Then, near the end of her rope, she met a man (she calls him Nick) with a different but similarly dire family life: he had an adult autistic son who was severely impaired and a wife he no longer felt connected to except as a co-parent. He inserted himself into her life and became a lifeline for her. She resisted his attention at first. Finally, the desert she inhabited required her to drink a bit from the cup he offered. When her husband went to visit his adult children occasionally, she got a much-needed break with brief interludes of pleasure and companionship. Enough to keep her from hitting bottom, but nothing that vanquished her love for Jack. It brings to mind the old saying: Some people come into our lives for a reason, for a season, or for a lifetime. Nick came for a reason and for a season.
In the end, she got some help for Jack, first at home and later in the facility he was moved to. And finally, in September 1996, he died.
Saintonge then entered another void: what would fill her life now? How could she make sense of it all? What did she even believe anymore? It was another kind of dark night of the soul.
“I sat in silence and confusion year after year, the loss of spiritual understanding feeling even more painful than the loss of Jack. In the end I came to see that, once again, God had to come to me, to find me and teach me not to believe what anyone else believed, but to take me into a space that I could find authentic.”
She read Richard Rohr’s Things Hidden and embraced the idea of original blessing. She read Marcus Borg who described the incarnation of Jesus as revealing, not the dichotomy, but the oneness of the finite and the infinite. “We can become more fully human by connecting with that of the divine within us,” she writes. “That made perfect sense to me.”
I resonated with her search. I left my Presbyterian upbringing and wandered a while until I found my spiritual home among the Quakers. As for theology, other than God is Love, I cannot make much of the concept of God.

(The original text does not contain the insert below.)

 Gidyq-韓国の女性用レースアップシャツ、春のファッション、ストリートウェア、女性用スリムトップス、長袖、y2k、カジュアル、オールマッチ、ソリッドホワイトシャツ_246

I agree when she says “we cannot name the unnameable.” The Spirit, the Infinite, God, whatever name we use, seems to me too vast for our small minds to even begin to comprehend.

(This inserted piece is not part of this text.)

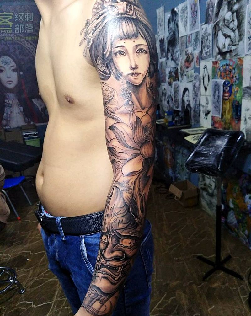 花臂纹身图片_手臂传统人物鬼神花臂纹身图案

Six months after Jack died, she and Nick parted. Three years later, her mother died but not before they reconciled. “From being always rather spiky and manipulative, she mellowed and became truly tender, Saintonge writes gratefully. “For the first time, I think, since I was a child, I could love her as a mother, without reservation. It was the most healing experience.” Saintonge went on to get a Ph.D. and to fill her house with books. She doesn’t say so in the book, but in later interviews she makes it clear she also found a religious home among the Quakers.

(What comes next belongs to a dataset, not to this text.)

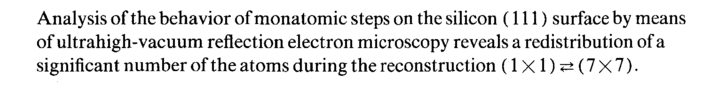 Analysis of the behavior of monatomic steps on the silicon (111) surface by means of ultrahigh-vacuum reflection electron microscopy reveals a redistribution of a significant number of the atoms during the reconstruction (lXl)«^(7X7).

As she writes at the end: “I do not know what I mean by ‘God.’ I dislike the word because it is hung with connotations I think unhelpful, even harmful, but I live in a growing trust that we are, as Jung would say, related to something infinite. More than that, I believe this relationship can be intimate. I turn towards a moment of light, and it vanishes. But if I don’t move, don’t try, if I just rest in complete internal silence, then I think sometimes, for the smallest moment, I sense the beloved stranger moving towards me.”
So do I.
*One Yellow Door: A Memoir of Love and Loss, Faith and Infidelity,
by Rebecca de Saintonge. Darton Longman And Todd Ltd., 192 pages.